* WORK INSTRUCTIONS: In the records below, begin at the line that has "Šesťfarebné pero Djeco" and stop after the line that has "Áo Len Xám Mix"; quote those lines verbatim and nothing more.

* RECORD EXCERPTS:
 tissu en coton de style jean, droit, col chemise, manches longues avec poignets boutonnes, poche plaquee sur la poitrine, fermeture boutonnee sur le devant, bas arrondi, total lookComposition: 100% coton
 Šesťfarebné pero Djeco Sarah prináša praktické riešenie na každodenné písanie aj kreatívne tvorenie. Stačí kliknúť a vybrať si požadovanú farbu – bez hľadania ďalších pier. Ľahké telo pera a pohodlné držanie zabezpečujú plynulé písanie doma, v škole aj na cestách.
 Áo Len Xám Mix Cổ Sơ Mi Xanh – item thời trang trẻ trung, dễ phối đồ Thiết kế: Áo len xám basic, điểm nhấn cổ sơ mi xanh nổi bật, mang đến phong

* * *

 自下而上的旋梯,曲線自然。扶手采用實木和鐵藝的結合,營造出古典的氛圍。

* RESULT:
 Šesťfarebné pero Djeco Sarah prináša praktické riešenie na každodenné písanie aj kreatívne tvorenie. Stačí kliknúť a vybrať si požadovanú farbu – bez hľadania ďalších pier. Ľahké telo pera a pohodlné držanie zabezpečujú plynulé písanie doma, v škole aj na cestách.
 Áo Len Xám Mix Cổ Sơ Mi Xanh – item thời trang trẻ trung, dễ phối đồ Thiết kế: Áo len xám basic, điểm nhấn cổ sơ mi xanh nổi bật, mang đến phong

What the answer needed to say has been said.